Bhutanese food is generally hearty and spicy. The national dish is ema datse which is chilies and cheese. Bhutanese will tell you that "chili is a vegetable, not a spice!" If you like spicy food, you will have your fill in Bhutan! However, Bhutanese people understand that not everyone likes burning hot chili dishes three meals a day: restaurants and hotels serving overseas visitors all prepare milder dishes to appeal to all palates. Vegetarians should not have too much trouble in Bhutan as many dishes are vegetable-based.

bucket 'o' heat

Money in Bhutan
The currency used in Bhutan is the Ngultrum. Right now, $1 US is worth about 45 Ngultrum. Only paper money is in circulation with note denominations of 1, 5, 10, 50, 100, 500 and 1000. These notes depict iconic structures in Bhutan.

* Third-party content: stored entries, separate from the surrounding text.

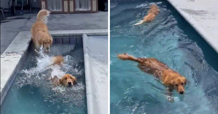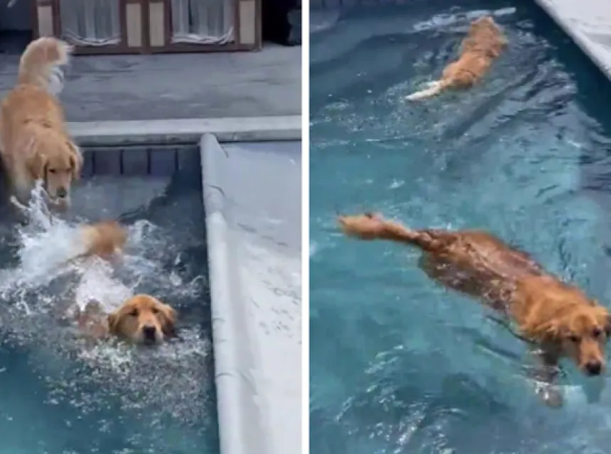 Tijekom zimskog dijela godine na bazenu je bio prekrivač, što je onemogućilo ovim psima da se brčkaju u njemu. No s većim temperaturama došlo je i vrijeme za micanje pokrivača i kupanje.
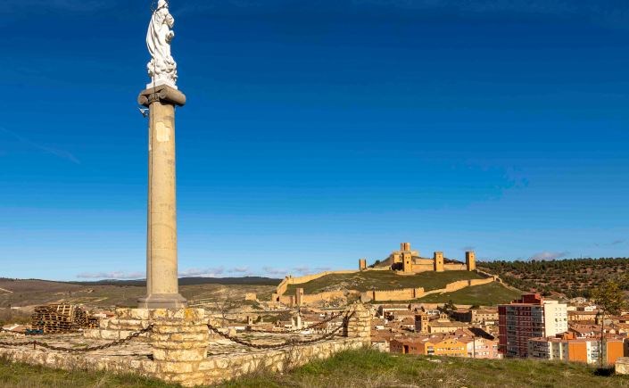 Auch in Molina de Aragón wacht eine imposante Burganlage über der Stadt. Die im 8. Jahrhundert bis weit in den Norden der Iberischen Halbinsel vorgedrungenen Mauren errichteten auf dem markanten Burgfelsen eine neue Festung, die um das Jahr 1129 im Zuge der Reconquista von Alfons I. (reg. 1104–1134) den Mauren abgenommen und kurz darauf in vergrößerter Form neuerrichtet wurde. Ort und Burg waren lange zwischen den Königreichen Kastilien und Aragón umstritten, ehe sie im ausgehenden 14. Jahrhundert als Mitgift Katharinas von Lancaster endgültig an Kastilien fielen.
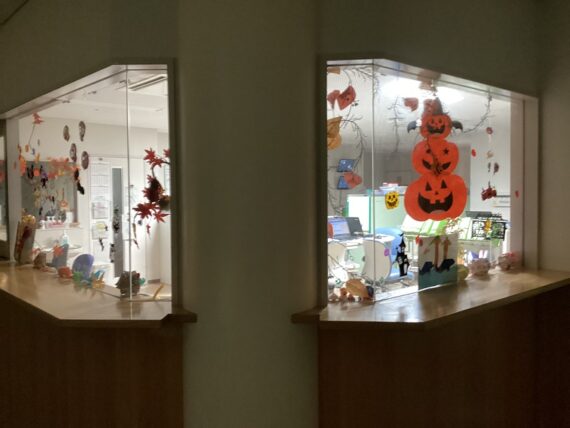 東2病棟は急性期病棟のためレクリエーションなどはないのですが、病棟でも飾り付けをして秋の気分を味わっています。

10 Ngultrum note and Paro Dzong

- For bringing money in, cash is the way to go. You can change your cash into Ngultrum at the airport exchange counter in the same room where you'll pick up your luggage. Do it then to save a trip to a bank later. Bills in major currencies will be accepted (US, Euros, Pounds Sterling, Canadian dollars, Australian dollars, Hong Kong dollars, Singapore dollars and Rupees). You will get a better rate for larger bills (i.e. $50 and $100 notes). Ask to get some smaller bills in your bundle from the exchange counter.
- Despite contradictory information being given out by the banks themselves, only American dollar travelers' cheques can be cashed at major bank branches without a huge amount of commotion and  trouble.
- There is an ATM in Thimphu which takes MasterCard. There have been some technical problems, though, so if the machine is out of order on the one day you're in Thimphu, you're out of luck. Don't rely on using your MasterCard to withdraw cash.
- Some of the bigger souvenir stores take Visa cards. Again, don't assume that you'll be able to make all purchases with credit cards. Also, you'll probably get a better price if you pay with Ngultrum.
- If disaster strikes, or if you see a work of art you cannot live without, you could make use of the Western Union money transfer service through Bhutan Post.
- If you've arrived via India, you'll be fine using Rupee notes for everything. The Rupee and Ngultrum are at par. Note that 500 and 1000 Rupee notes are not accepted.
- Nobody actually says 'Ngultrum' or writes it on a price tag or a menu.  People say 'Nu' instead. In fact, when you ask the price of things, you will most often be told the value in Rupees even though you pay in Ngultrum.
- Try to keep a few lower denomination notes aside (10s, 50s, 100s) to leave as offerings at the altar and donation box whenever you visit a shrine or a temple. They can really use your contributions.
- Keep in mind that your trip to Bhutan will be paid for before you even arrive. You will only need spending money for souvenirs and shopping, alcohol and donations or tips if you desire. If you want to add a luxury experience to your trip (dinner at the Taj Tashi, for example), you can expect to use a credit card.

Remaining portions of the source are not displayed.